We may notice the relationship has us waiting on a future return but subconsciously feel there’s a payoff in it for us, the fulfillment of something we need.  Our desire may be the love they offer, the purpose we feel from helping them, a sense of being valued, or the influence we may gain from connection to their projected power. I call this the hook and retreat energy dynamic. 

This friend, lover or family member frequently says or insinuates the value of staying connected to them is in a future promise.  “When I do ______, you’re going to get ______.”  When I make a lot of money, when I become famous, when I get a divorce, when I get promoted, when I die, when I finish whatever I am doing that requires me to ask you for more energy than I give you in return.  Unfortunately the time of rebalancing rarely comes.  The energy consumer hasn’t figured out how to generate their own power so they seek it in outside sources.  If they do finally achieve a goal, there’s no lasting payout for us because their target changes to a future date.
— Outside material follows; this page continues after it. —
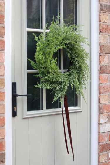 This Christmas wreath is a lifelike all-green design made from real touch faux Cedar. Simple and adaptable, it’s ideal for front door wreaths or interior styling, bringing effortless Christmas greenery to any home.
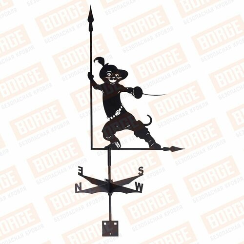 Флюгер BORGE Кот в сапогах, 475х715мм, чёрный ( RAL 9005)

We all have been on both sides of energy exchange; no one is immune to moments of giving or taking out-of-balance. But when we experience hook and retreat, our body will let us know through a sensation of tightness or queasiness in our belly.  This is the location of our third chakra, where we activate our personal power.  The body notices that our power is being redirected.  The result is less energy for our own creations and a sense of being off-balance. 

The hook and retreat relationship has moments that make us feel crazy.  The words, actions and energy of the energy consumer are questionable enough to evoke a sense of uncertainty.  Our intuition is trying to make us aware of the deception.  The energy consumer always believes their own story so they don’t realize they are being deceptive.  The imbalance created from the cord into our core makes it hard to see clearly and remove ourselves or renegotiate the relationship. 

Here are a couple of tools you can practice to reclaim your power when you have been hooked:

  • Clean out your 3rd chakra.  Visualize a gold rose and see it mopping out that belly area front to back, soaking up all the energy that is not yours in that space.  Imagine the rose flying somewhere far away and dissipating.  Call your energy back to you from any person you’ve given your power away to and fill the empty space with your own vibration.
  • Visualize a Protection Rose in the space between you and this person.  The intention of the rose is to filter out any attempts to attach to your energy.

The stealth aspect of this behavioral pattern is how it taps into our subconscious desire.  We are seduced by a subversive agenda.  The truth that we are never going to get the need met is hard to see. It feels possible and it feels strong.   By reclaiming our energy space we have the opportunity to see the relationship more clearly and gain energy to use for our own creations.